Another fallacy regular people believe is that Reagan cut taxes and that led directly to making them wealthier. That wealth, however, is largely a phantom euphoria of having credit cards and asset inflation (from your house and stocks, which is mainly rising because foreign money is coming into your economy to take advantage of a cheap dollar). And of course, your feelings of wealth also stem from a completely fallacious belief that a pension and a life of ease on 12% laddered bonds await you as they did for your Greatest Generation Dad.
All bullshit. Even a lot of conservatives would laugh today if you asked them how a single employed household member could support a spouse and children and two cars and a mortgage. The answer: he can’t. It’s a pipe dream of the post war era.
Liberals, of course, have a lot of dippy ideas about the economy.
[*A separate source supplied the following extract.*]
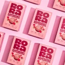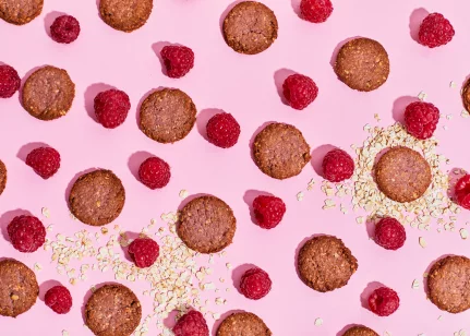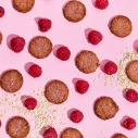 Bezglutēna auzu pārslas (28%), augu eļļas (kokosriekstu, rapšu), rīsu milti, olas, cukurniedru cukurs, aveņu deserta pasta (5%)(cukurs, aveņu mīkstums bez sēklām (40%), plūškoka koncentrāts, dabīgs aromatizētājs), bezglutēna auzu milti (3%), mandeļu milti, kaltēti aveņu gabaliņi (2.5%), tapiokas ciete, ceļteku sēklu sēnalu pulveris, inulīns, rozmarīna ekstrakts, irdinātājs cepamā soda,  sāls

If some pinko told me that it’s common sense wealth should be redistributed, I’d ask him if he’s aware how vanishingly small that wealth would become in transit. (Believe me, after seeing “Capitalism: A Love Story,” I’d like to beat up on some liberals for a while–maybe later.) But why punish hippies for their financial ignorance, when they are usually the first to admit it? Conservatives are far worse, because they are the ones who, according to their own advertisements, are supposed to know better. But the more I get to know finance as a reporter, the more I feel that conservatism, per se, doesn’t necessarily know more about money. Conservatives just love money a lot more and would hold onto it at the detriment of everything else.
Here’s an argument: a person will work for a living. He will work whether that money is a little less or a little more, he’s not going to stop. A living is a living, even if it means living with taxes.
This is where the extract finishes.